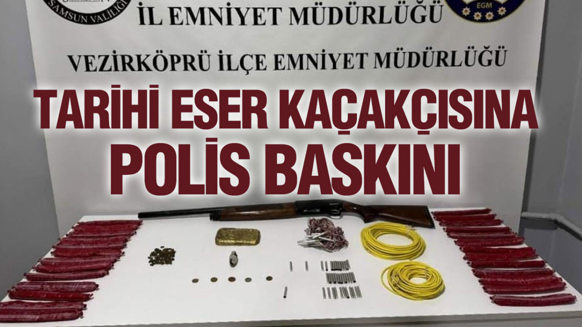 Vezirköprü İlçe Emniyet Müdürlüğü ekiplerinin takibi sonucu M.D. isimli şahsın aracında ve ikametinde yapılan aramalarda; 4 adet Roma ve Helenistik döneme ait sikke, 1 adet Osmanlı dönemine ait 10 para, 1 adet gözyaşı şişesi, 26 adet kapsüle duyarlı patlayıcı, 75 adet top barutu, 30 adet elektrikli infilak kapsülü, 38 adet infilak kapsülü, 20-25 metre saniyeli fitil, 1 adet altın sarısı renkli metal külçe, Metal detektörü kullanım klavuzu, 1 adet ruhsatsız tüfek ele geçirildi.
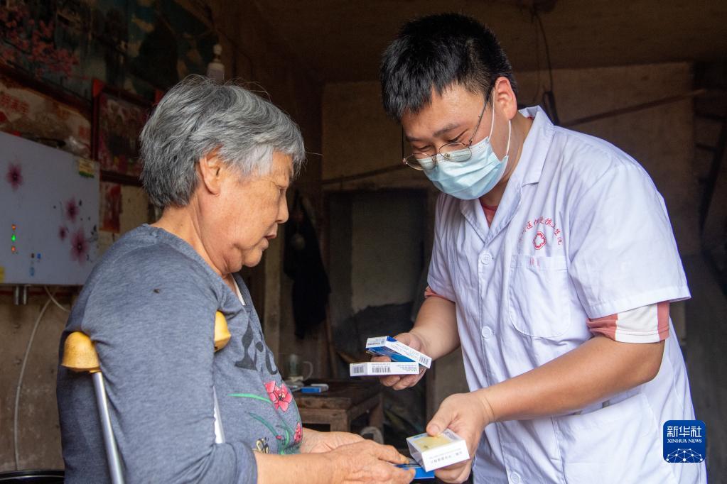 7月1日,村醫胡嘯(右)在一名村民家中為她講解藥品的服用方法。
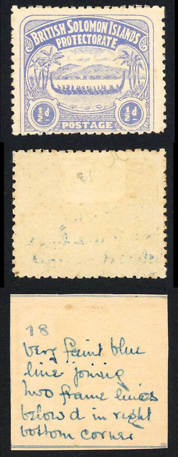 Solomon Is SG1 1/2d Ultramarine Large Canoe Position 18 M/M Cat 11 pounds
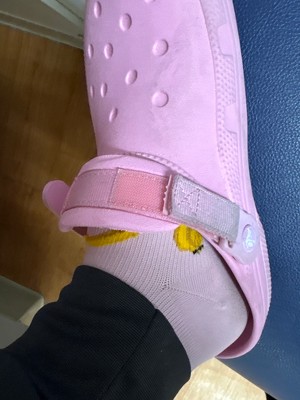 These were so cute, I wanted to love them and did for a couple days until the Velcro kept coming undone on the backs. Maybe a month after I got them one of the backs ripped off while I was flipping it around. Made them completely unusable for their purpose and from the start the Velcro coming undone made them unsafe for work. Sad I had to switch to the other version of work crocs that looked less like crocs.
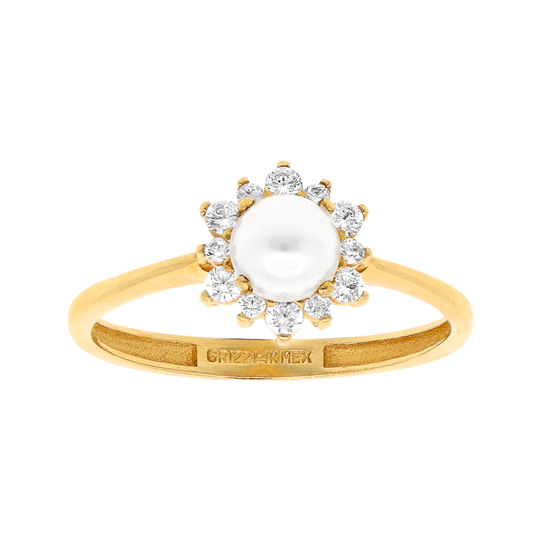 Elegancia que trasciende el tiempo. Anillo para dama en oro amarillo 14K con perla sintética y zirconia representa ese vínculo único y especial, hecha con precisión para perdurar toda la vida.
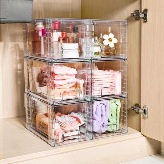 6 Pack Closet Organizers and Storage,Clear Stackable Plastic Storage Bins with Lids Magnetic Doors,Clothes Organizers and Storage,Plastic Craft Containers for Wardrobe Kitchen Bathroom Office
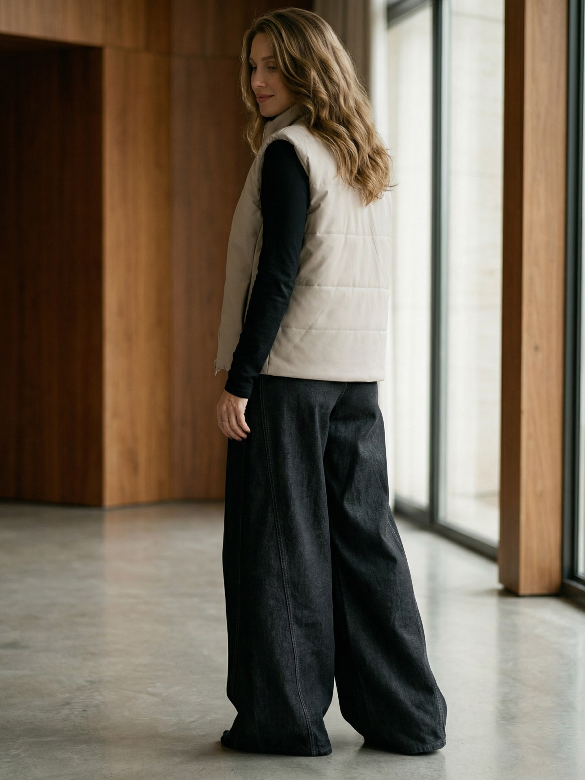 Жіночий демісезонний жилет із плащової тканини — практична та стильна модель для міжсезоння. Верх виконаний із плащівки Еммі, яка добре захищає від вітру та прохолоди, а легкий наповнювач синтепух забезпечує комфортне тепло без зайвого об’єму. Чорний колір робить модель універсальною та легкою для поєднання з різними елементами гардероба. Жилет має прямий вільний фасон, що створює сучасний силует і забезпечує свободу рухів. Модель доповнена центральною застібкою на блискавці, практичними кишенями та конструктивним переносом бокового шва, що формує акуратну посадку. Низ виробу оснащений резинкою із зажимами для регулювання об’єму, а еластичні елементи в проймах забезпечують зручність під час носіння. Жилет із колекції Pre-Spring 26 легко комбінується з худі, світшотами, сорочками або трикотажем, а також чудово поєднується з джинсами, спортивними штанами чи спідницями, створюючи стильні повсякденні образи у демісезонний період. S-M: Обхват грудей: 84-88 см; Обхват талії: 68-72 см; Обхват стегон: 92-96 см. L-XL: Обхват грудей: 92-96 см; Обхват талії: 76-81 см; Обхват стегон: 100-105 см. 2XL-3XL: Обхват грудей: 100-105 см; Обхват талії: 86-91 см; Обхват стегон: 110-115 см. Довжина виробу: S-M = 59 см, L-XL = 61 см, XXL-3XL = 63 см Догляд за одягом: Ручне прання при температурі до 30°C. Характеристики Колекція Pre-spring 26 part 3 Матеріал плащівка Еммі, наповнювач: набивний синтепух 100 Колір сірий Фурнітура блискавка, резинка, зажими Фасон прямий, вільний Сезон демісезон Конструктивні елементи перенос бокового шва, резинка на рукаві, кишені Комплектація жилет Догляд за одягом ручне прання до 30°
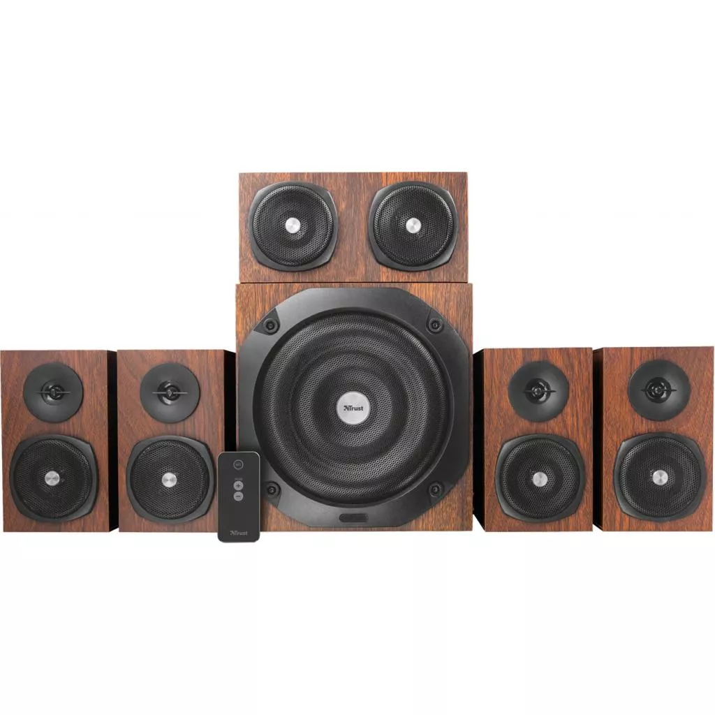 Trust Vigor 5.1 Surround Speaker System for pc — это мощная акустическая система с форматом звучания 5.1 в деревянном корпусе позволяет насладиться объемным звучанием на ПК.
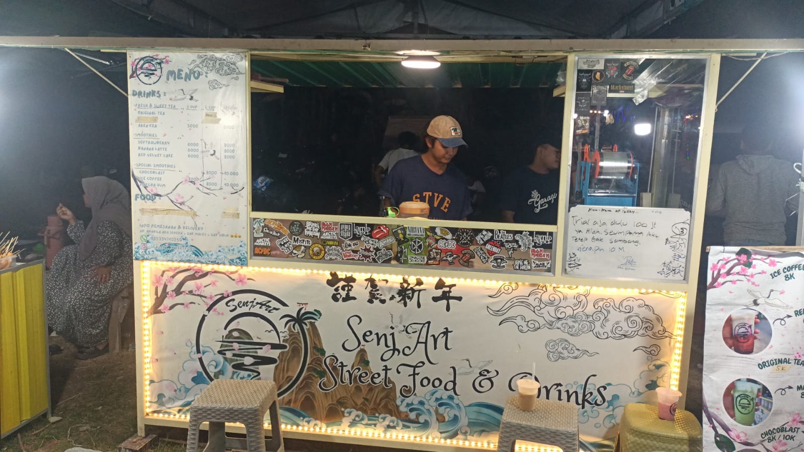Lelaki muda asal Pragaan Laok ini menjual menu jualan original tea, aren tea, soft strawberry, banana latte, red velvet cake, chocoblast, ice cooffe matcha yum.
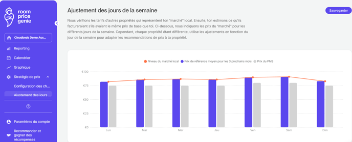 Les ajustements des jours de la semaine peuvent vous aider à identifier les jours de la semaine où vous devez être plus ou moins cher que les hôtels représentés par votre analyse de marché.
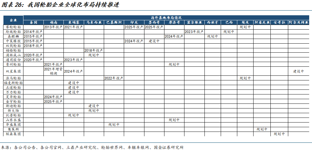 欧盟反倾销背景下,具备海外产能增量的龙头胎企将持续受益。2017年欧盟对我国卡客车胎发起双反调查,随着我国胎企东南亚基地产能爬坡放量,欧盟进口自泰国的卡客车胎数量从2018年的93万条提升至2024年的277万条,占比从6%提升至13%;进口自越南的卡客车胎数量从2018年的16万条提升至2024年的152万条,占比从1%提升至7%;中泰越三国的进口占比在2024年仍然高达56%。2025年5月21日,欧盟对我国乘用车和轻卡胎发起反倾销调查,初裁实施时间预计在2026年1月,并且设置3个月的追诉期。2024年欧盟乘用车胎进口量同比增长16%达到1.45亿条,进口自中国的数量为8694万条,占比高达60%。若本次欧盟反倾销裁定税率较高,考虑到短期供应紧缺且海外产能扩建周期相对较长,预计未来2-3年海外产能出口欧盟订单将会具备较好的涨价弹性和盈利空间,头部胎企也能把握机会进一步扩大全球市占率。
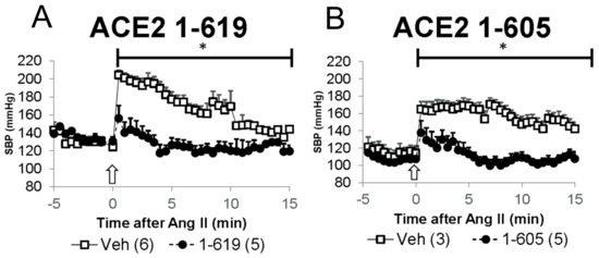 Figure 7. Pre-infusion of 1-619 (A) or 1-605 (B) rACE2 variants (filled circles) cause a faster recovery from acute Ang II-induced hypertension as compared to respective mice pre-infused with PBS as a vehicle (Veh; empty squares). Y-axis is SBP and X-axis indicates time (min) from Ang II bolus (arrow; 0.2 µg/g BW). Two-way ANOVA over time was used for comparisons of the experimental groups; * denotes p < 0.01.
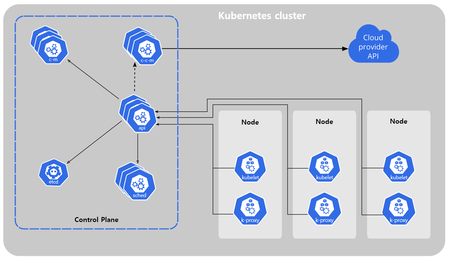 - 마스터 노드·마스터·control plane 등으로 호칭하며 쿠버네티스가 작동하는데 필요한 컴포넌트가 배포 및 실행되는 노드
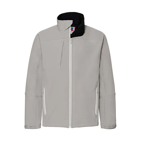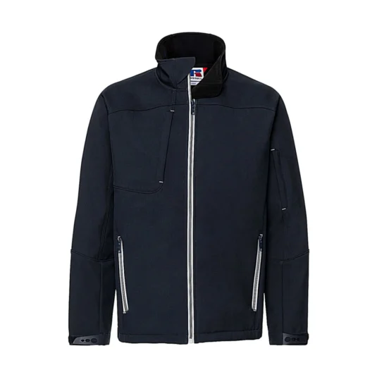 Bionic-Finish® Eco (3-layer softshell with hydrophobic membrane), fluorine and PFC free, wind and waterproof (5000 mm), breathable (5000 g/m² in 24h), stand-up collar, Hydroshell Air inserts in the underarm area, zipped chest, arm and side pockets, inner media mesh pocket, adjustable cuffs.
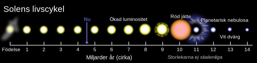 Solens beräknade livscykel illustrerad som en tidslinje med solens olika faser
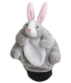 Deze handpop van een konijn is ongeveer 20 cm groot.
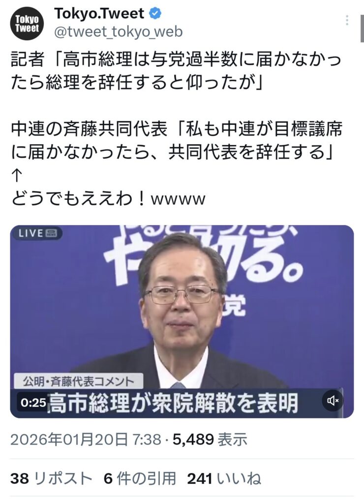 中革連・斉藤氏「私も中連が目標議席に届かなかったら共同代表を辞任する」 ←どうでもええわ
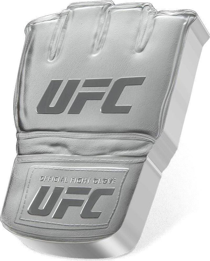 This impressive 3 oz silver coin is designed in the shape of the iconic UFC glove, a symbol of strength, history and the continued evolution of the sport of fighting. The coin is minted as Proof and features a mirrored UFC® logo on a matte textured background. The unique design and limited mintage of 1,000 pieces make it a coveted collector's item. Each piece comes in a stylish branded package with a certificate of authenticity and an individual number. The coin has the status of legal tender and an official UFC license.
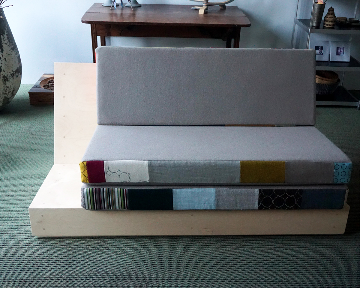 The cushions are custom made, but the covers are made by me. The making appeared more difficult than I had in mind. I used Kvadrat samples for the sides, the rest is made of a warm grey wool fabric with a felted look. Some samples appeared too thick for the corners, but because of timepressure I couldn't change the composition anymore. Better corners are something to improve next time.
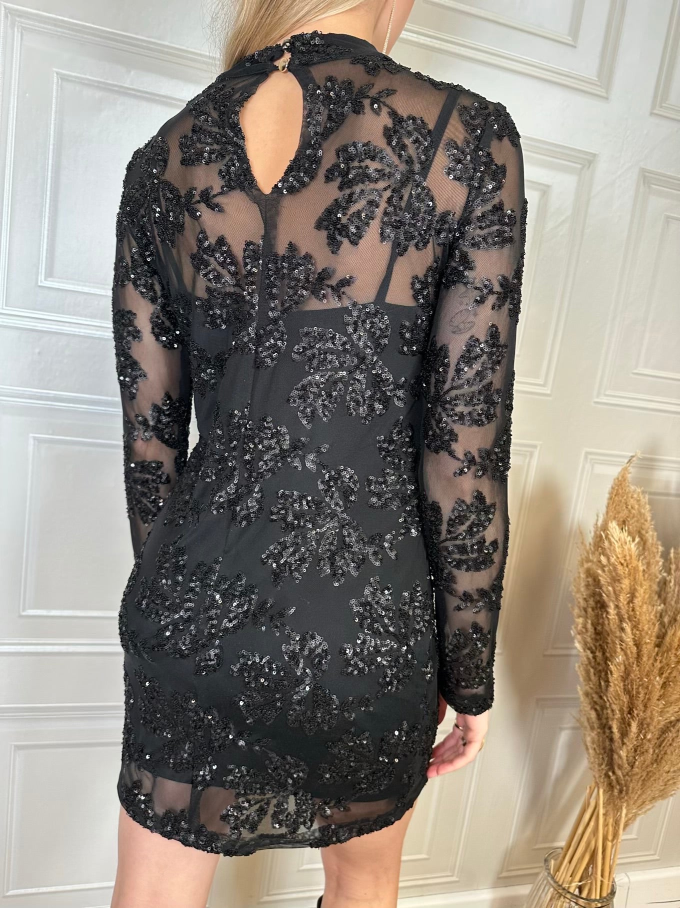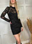 Abito corto a lupetto in tulle con ricami floreali in paillettes. Modello a manica lunga con sottoveste integrata, removibile.

::::

◆ **Exercise requirements**
In the listing above, find the line holding "Elegancia que trasciende" and the line holding "6 Pack Closet". Reproduce those two lines and all between them exactly, leaving out pictures.

◆ **Reply**
 Elegancia que trasciende el tiempo. Anillo para dama en oro amarillo 14K con perla sintética y zirconia representa ese vínculo único y especial, hecha con precisión para perdurar toda la vida.
 6 Pack Closet Organizers and Storage,Clear Stackable Plastic Storage Bins with Lids Magnetic Doors,Clothes Organizers and Storage,Plastic Craft Containers for Wardrobe Kitchen Bathroom Office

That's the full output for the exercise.